The team decided they will start meeting monthly with Miller as the student leader until he graduates. Lorentz will fill the student leader role next year.

“It was really nice to hear [from the Challenge Success leaders] that we are the ones that make a difference. It’s nice to hear because, although we hear that sometimes, often the adults usually have the final say,” said Lorentz.

The team brought in Empower Montana that worked with SSHS to promote acceptance and diversity. They did several activities that helped students see what they had in common and identifying things that are said about various groups that the groups don’t like and how they cope with that.

“It showed that the groups always had something in common even though they might not be the same at all,” said Miller. “Everyone realized that we do have more in common than previously thought.
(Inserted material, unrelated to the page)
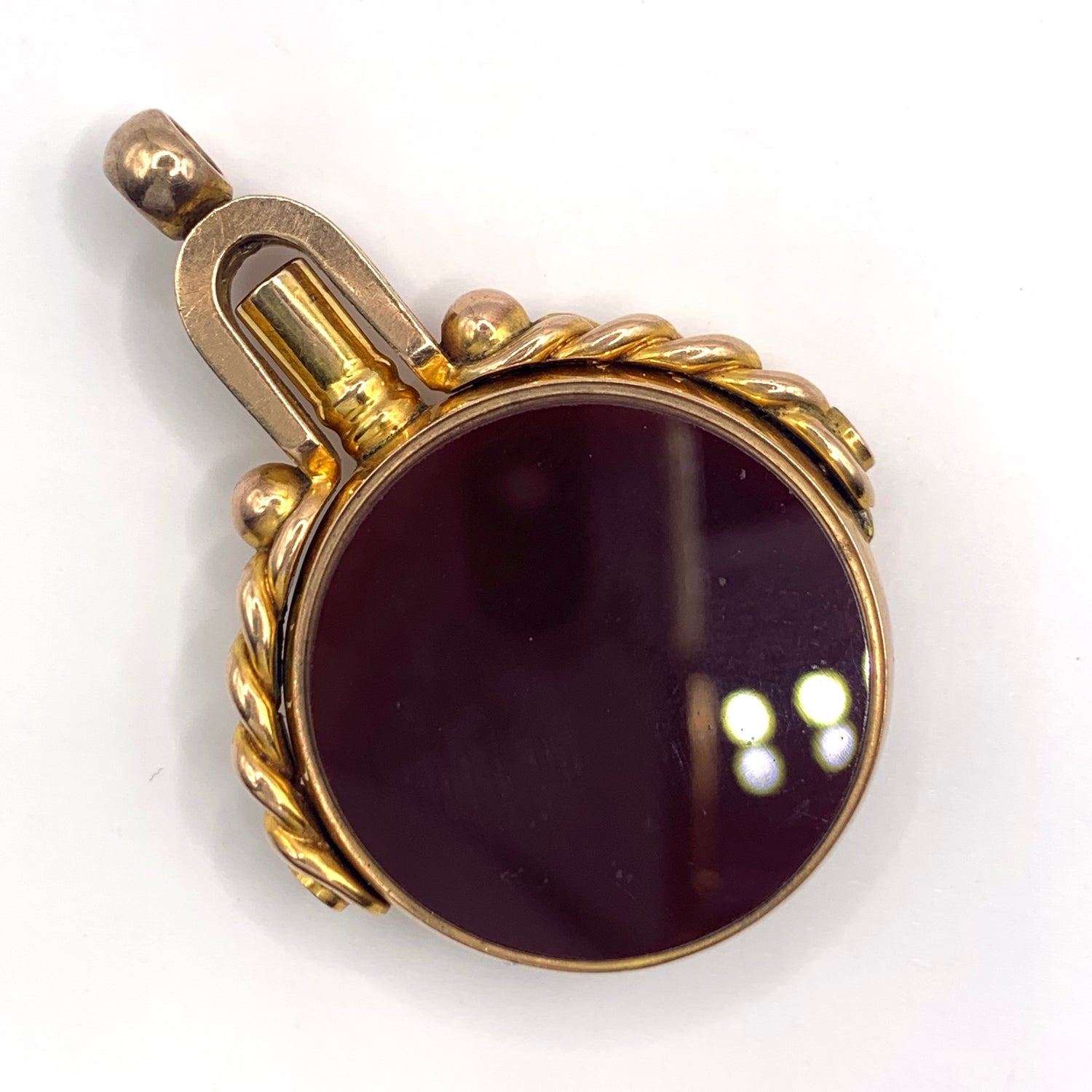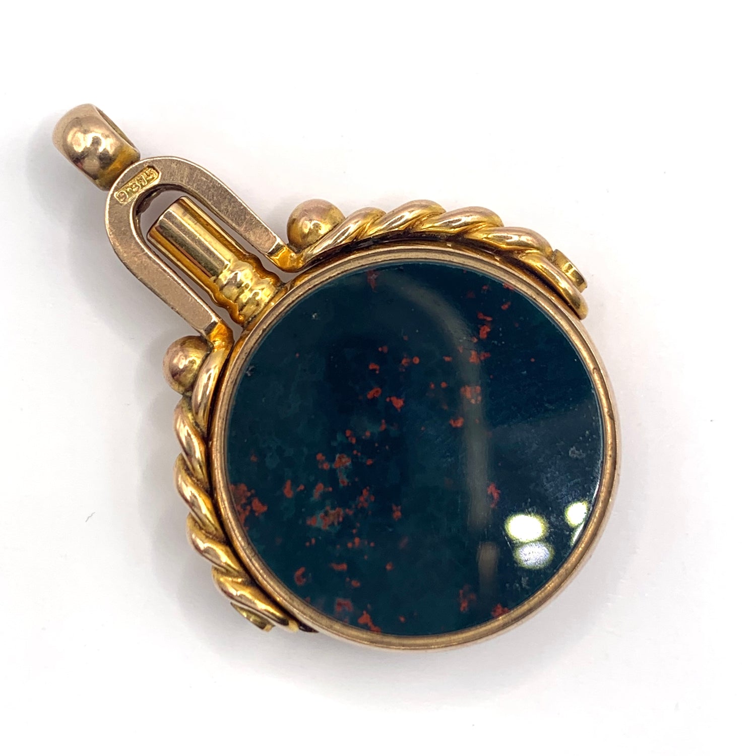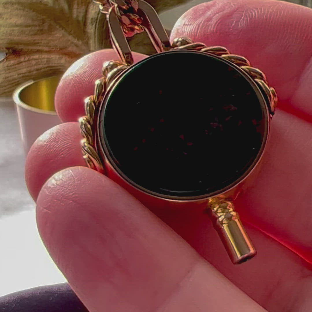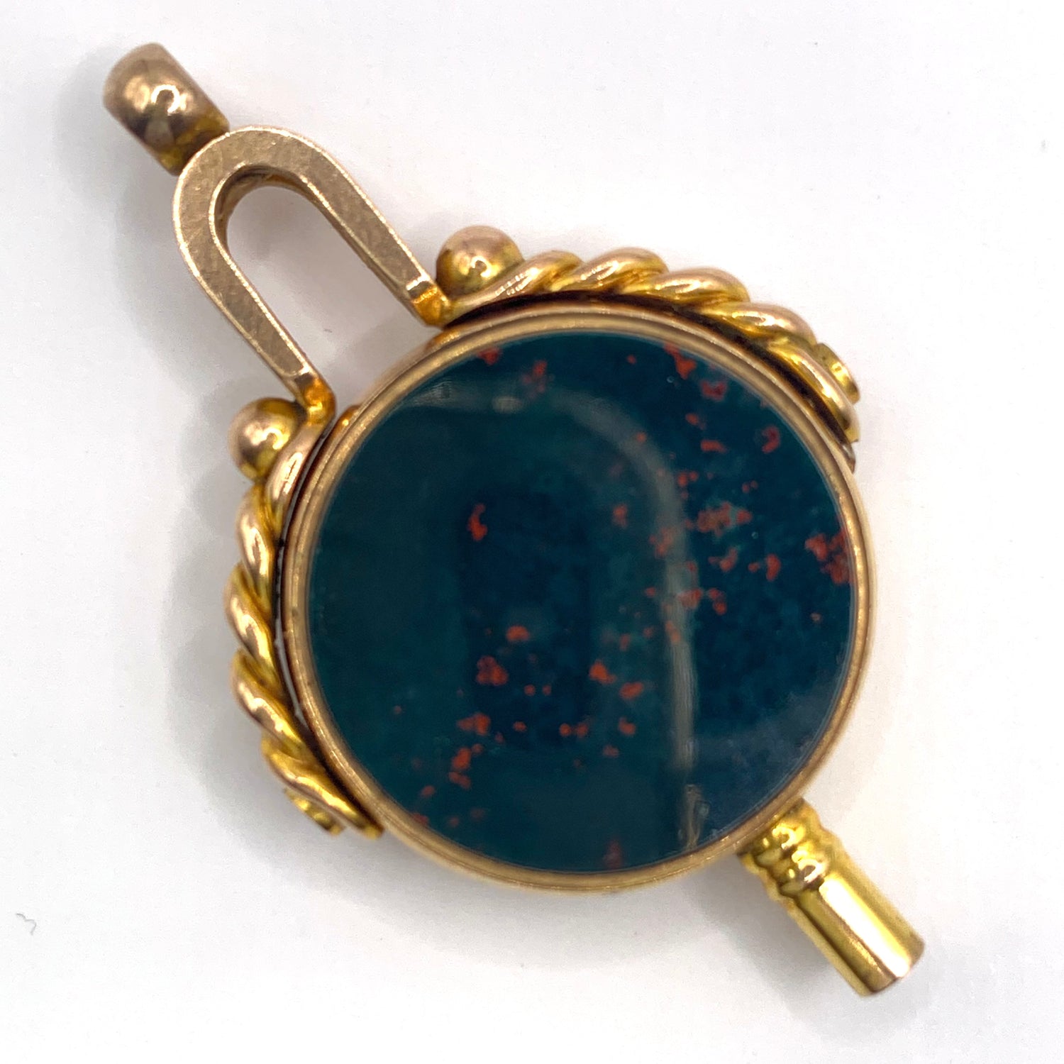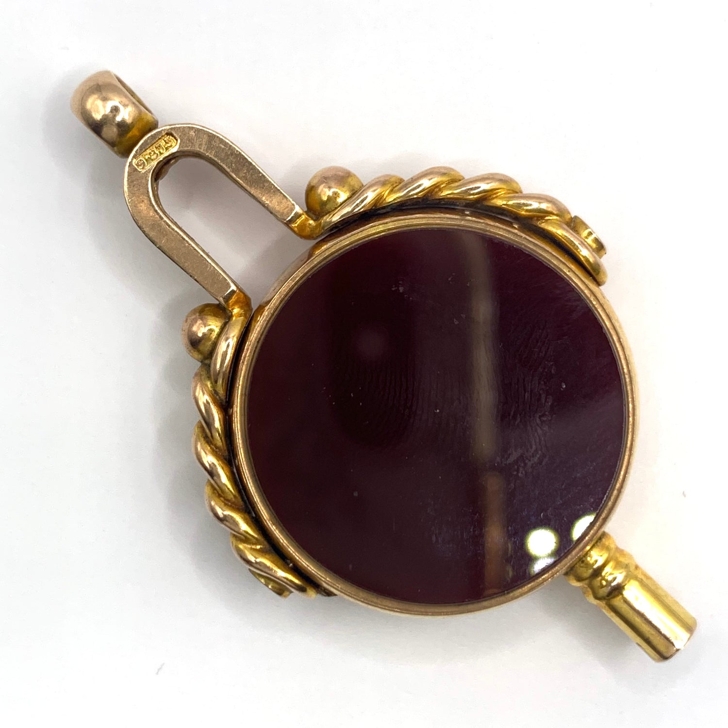 A large, rare 9ct gold Victorian Pocket Watch Fob Key Pendant. It features bloodstone and carnelian, and a twisted rope detail, and can be worn either open or closed.

We can actually be friends. We may not hang out all the time but we don’t have to butt heads all the time because we have more in common.”

Lorentz hopes to focus more on student buy-in next year. She said there were students that were resistant to the lunchroom activities because they didn’t want to be pushed out of their comfort zone.

“If we can have everyone understand that this is going to improve everything and it’s not just like someone coming in and telling everyone what to do. We are trying to address problems [that have been identified at SSHS] and work with everyone.”

The team has agreed to do a better job of informing the rest of the students about what they are doing and why they are doing it. Lorentz also feels the formal meetings will help because they can invite students so they can become a part of it.

“I think, overall, kids have become more accepting,” said Miller. “Doing the Empower Montana project, the video and the table project I think people think about what they say before they say it. It doesn’t seem like something that would be very noticeable but you can see it just walking through the hallways. It’s not as hostile of an environment.”